• Your task
From the line with "Пересечения могут быть" to the line with "Gaskocher, 6 Brenner, 28,5", retype each line exactly as it stands in the records below, but skip the pictures.

• Data for review
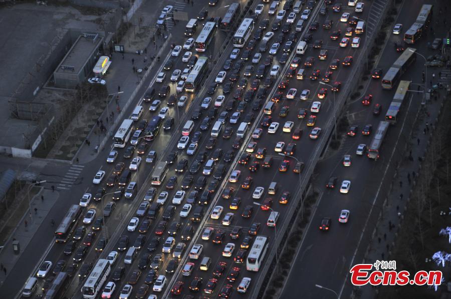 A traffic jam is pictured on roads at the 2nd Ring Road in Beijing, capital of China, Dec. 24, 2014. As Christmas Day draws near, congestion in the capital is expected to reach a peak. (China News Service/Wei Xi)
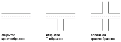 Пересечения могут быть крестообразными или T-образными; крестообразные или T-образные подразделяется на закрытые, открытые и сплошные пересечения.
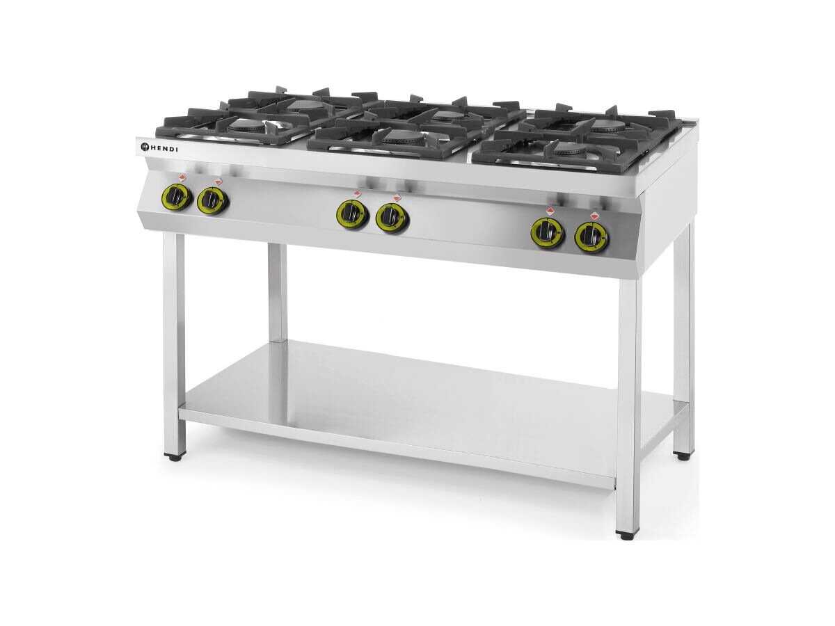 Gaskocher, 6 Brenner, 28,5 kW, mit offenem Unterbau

* * *

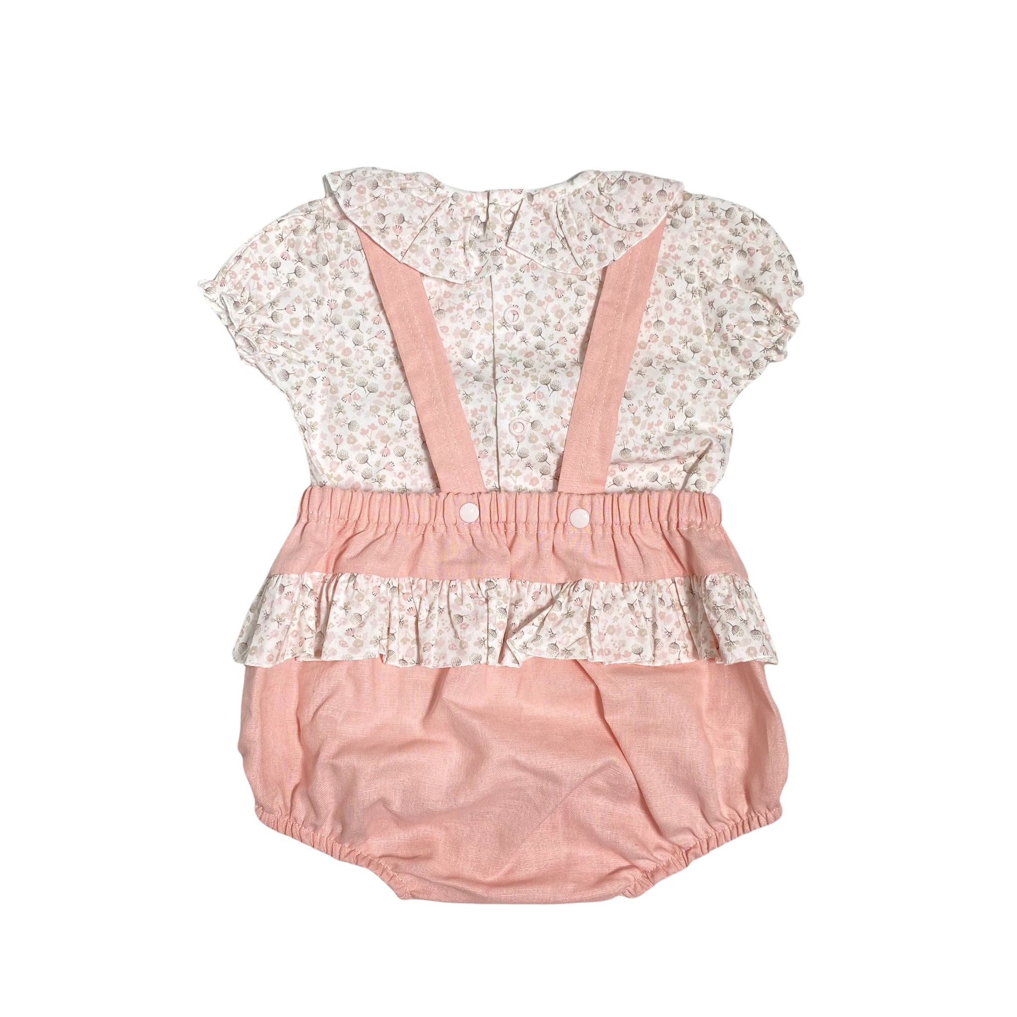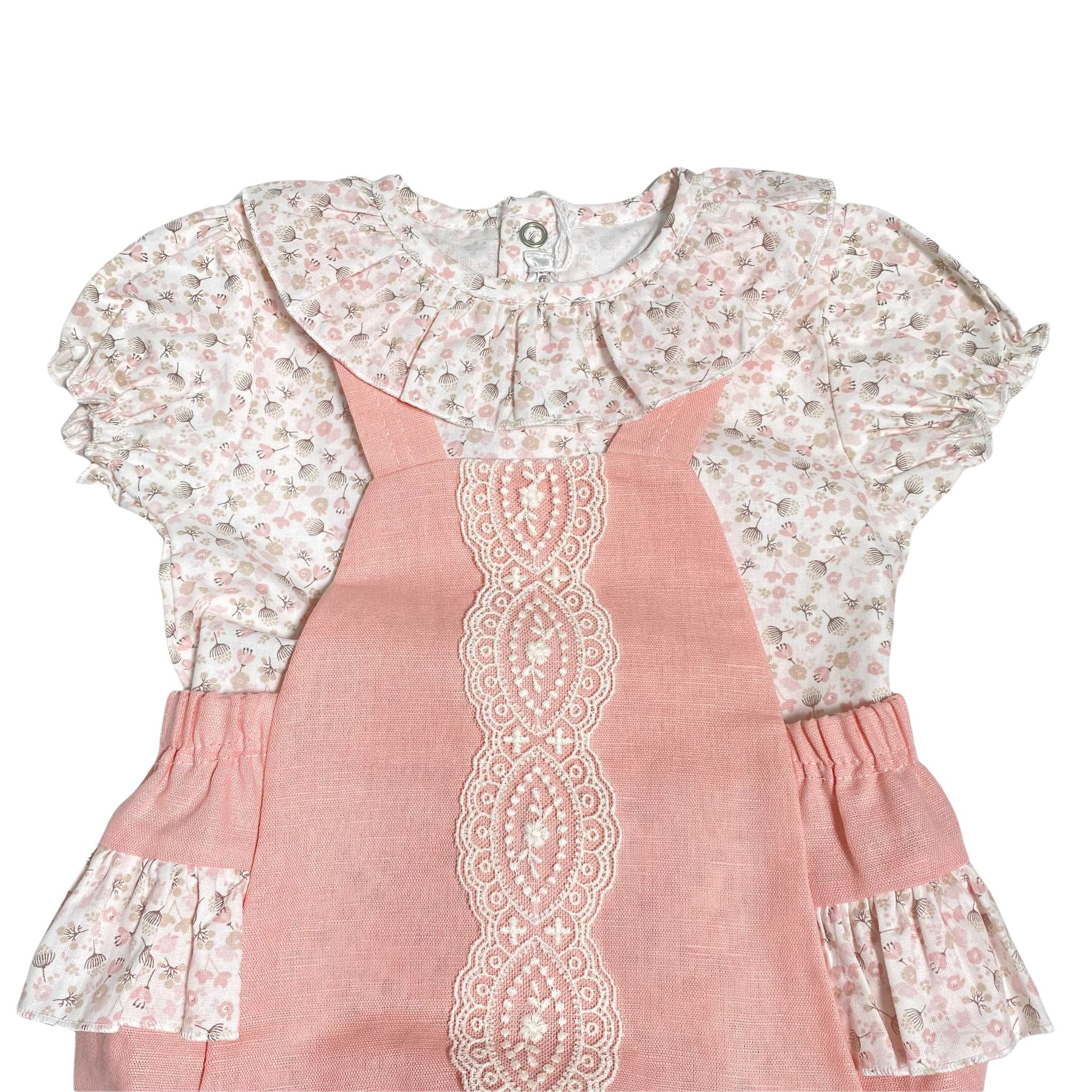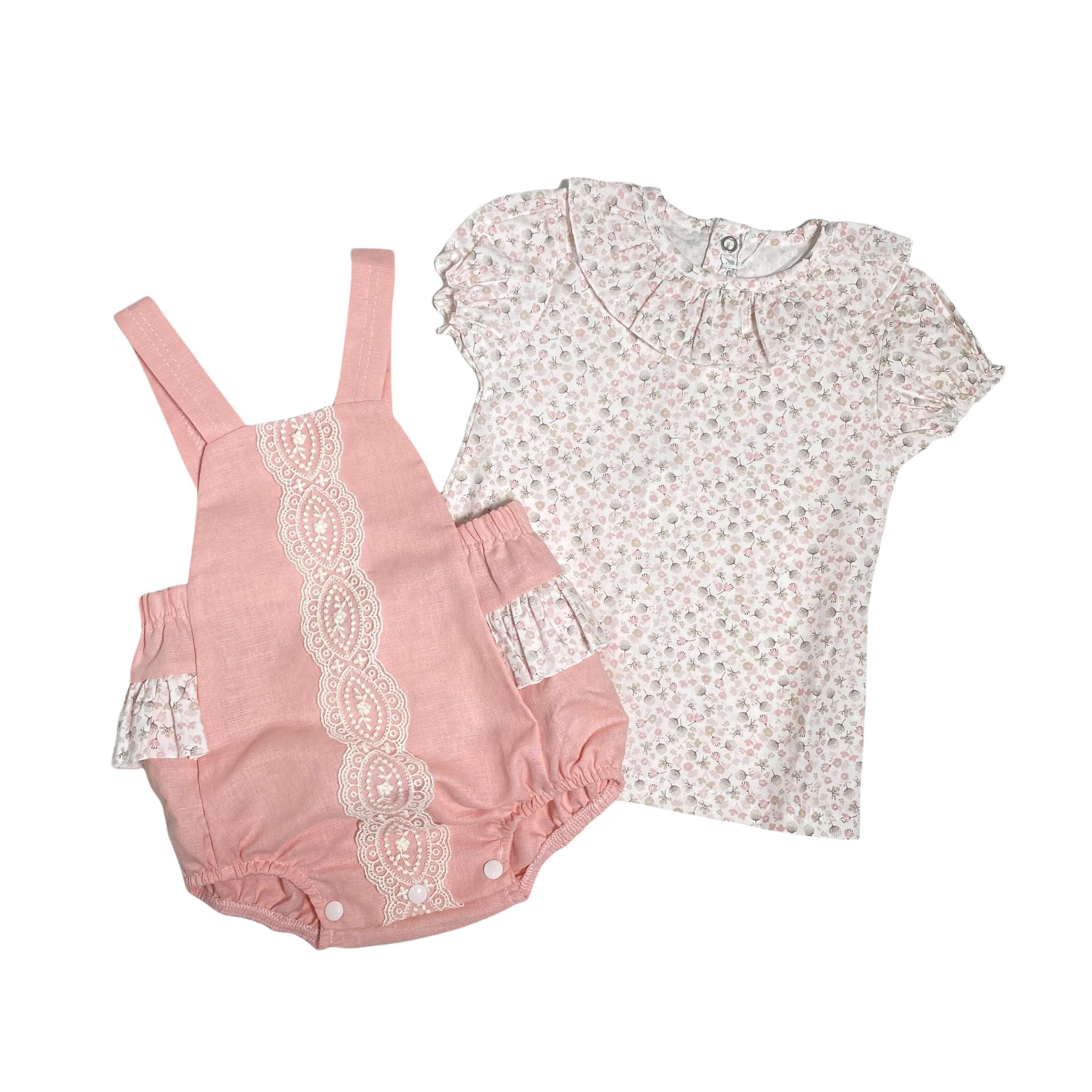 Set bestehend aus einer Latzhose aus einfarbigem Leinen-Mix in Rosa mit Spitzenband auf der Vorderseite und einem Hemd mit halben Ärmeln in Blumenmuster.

--

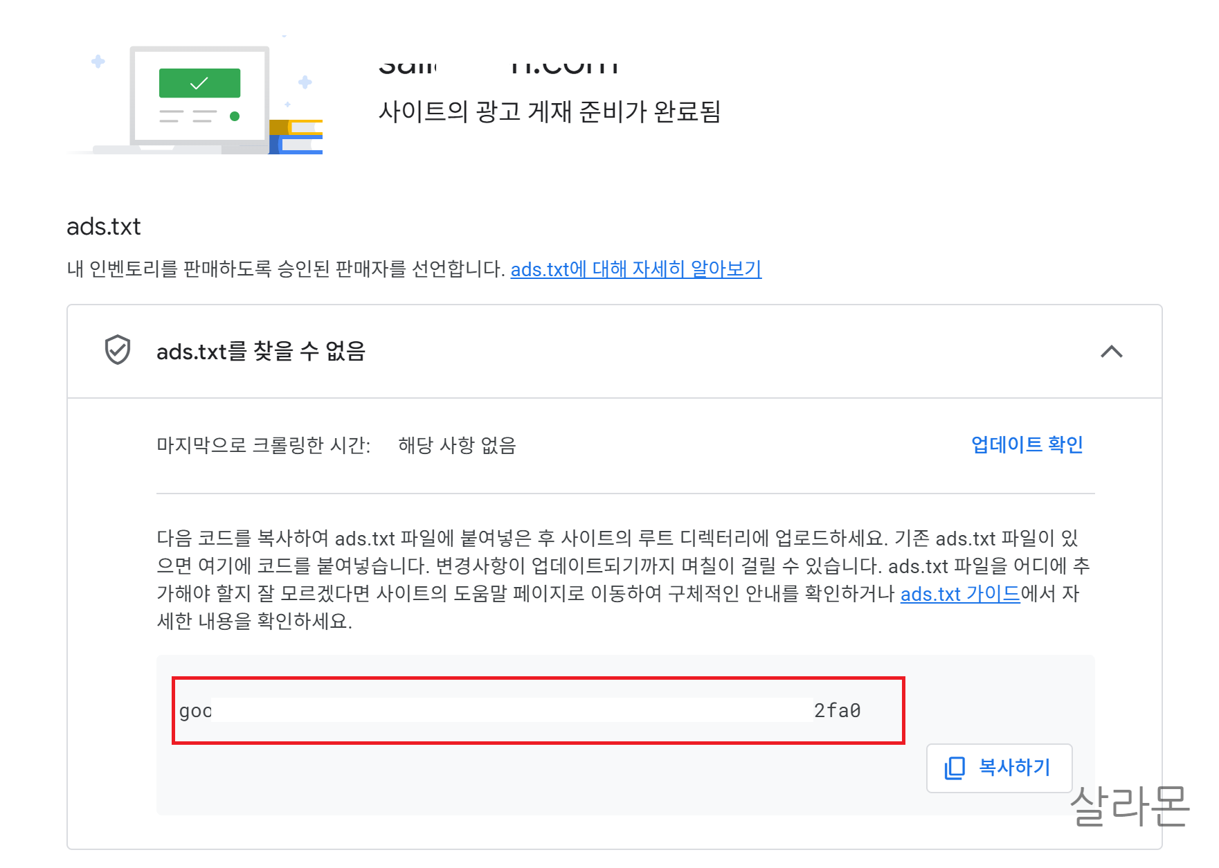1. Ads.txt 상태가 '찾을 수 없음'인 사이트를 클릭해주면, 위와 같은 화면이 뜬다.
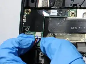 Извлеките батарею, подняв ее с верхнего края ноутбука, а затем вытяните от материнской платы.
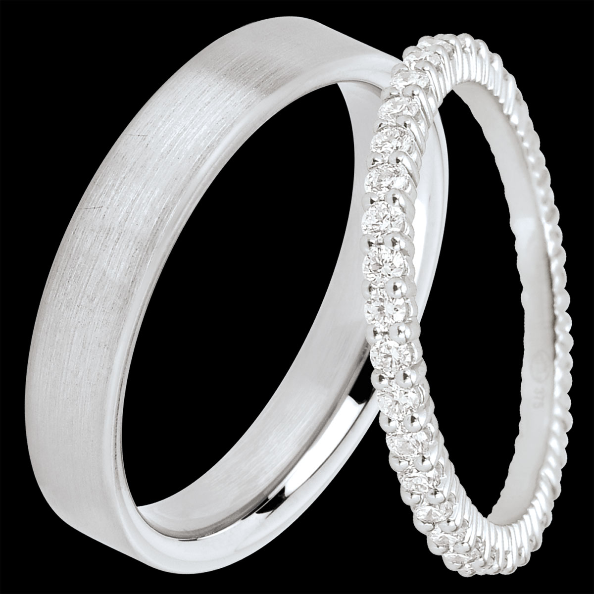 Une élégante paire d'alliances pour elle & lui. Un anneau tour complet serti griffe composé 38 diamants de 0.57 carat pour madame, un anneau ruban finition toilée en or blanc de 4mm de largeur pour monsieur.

• Exercise output
 Пересечения могут быть крестообразными или T-образными; крестообразные или T-образные подразделяется на закрытые, открытые и сплошные пересечения.
 Gaskocher, 6 Brenner, 28,5 kW, mit offenem Unterbau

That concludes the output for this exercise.